* _Information provided_
>>>>>

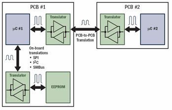 安森美半導體的邏輯轉換器是一種雙電源電壓邏輯轉換器,可以連接在不同的供電電壓下工作的IC和印刷電路板。這類采用獨立電源(VL<VCC,VL = VCC或VL> VCC)的器件具有100 pF的高電容驅動、過壓容限啟用和I/O引腳、非優(yōu)先上電順序和斷電保護功能,可以為印刷電路板內和印刷電路板之間的連接提供靈活的路徑,如圖4所示。
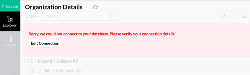 When you delete or rename a database in DigitalOcean PostgreSQL, Zoho Analytics loses its connectivity with DigitalOcean PostgreSQL. After that, a warning message, as shown below, would be displayed. This error message will also be displayed if there are any connectivity issues or if your DigitalOcean PostgreSQL credentials have expired.
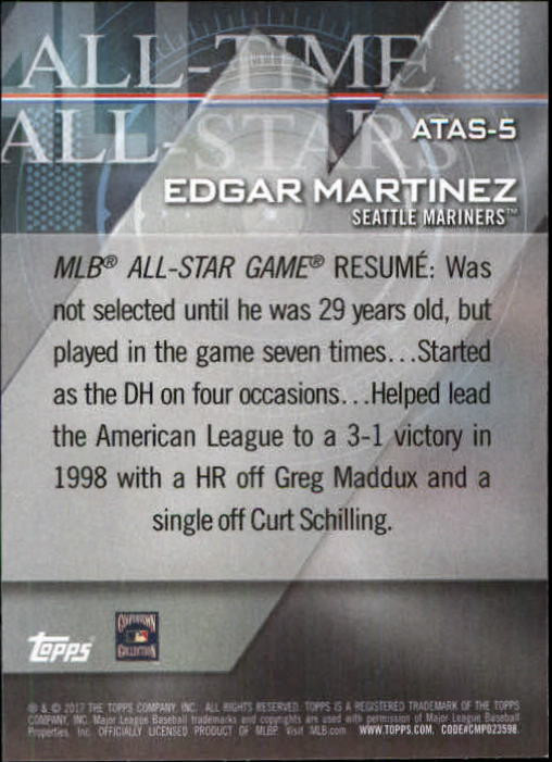 This Edgar Martinez 2017 Topps All Time All Stars card is a must-have for Mariners fans and collectors! The crisp design highlights his legendary career, and the near mint condition makes it a great addition to any collection. A fantastic insert from a top-tier set—highly recommended for baseball memorabilia enthusiasts!

<<<<<

* _Task requirements_
Would you return all the data exactly as given, minus the pictures?

* _Answer space_
 安森美半導體的邏輯轉換器是一種雙電源電壓邏輯轉換器,可以連接在不同的供電電壓下工作的IC和印刷電路板。這類采用獨立電源(VL<VCC,VL = VCC或VL> VCC)的器件具有100 pF的高電容驅動、過壓容限啟用和I/O引腳、非優(yōu)先上電順序和斷電保護功能,可以為印刷電路板內和印刷電路板之間的連接提供靈活的路徑,如圖4所示。
 When you delete or rename a database in DigitalOcean PostgreSQL, Zoho Analytics loses its connectivity with DigitalOcean PostgreSQL. After that, a warning message, as shown below, would be displayed. This error message will also be displayed if there are any connectivity issues or if your DigitalOcean PostgreSQL credentials have expired.
 This Edgar Martinez 2017 Topps All Time All Stars card is a must-have for Mariners fans and collectors! The crisp design highlights his legendary career, and the near mint condition makes it a great addition to any collection. A fantastic insert from a top-tier set—highly recommended for baseball memorabilia enthusiasts!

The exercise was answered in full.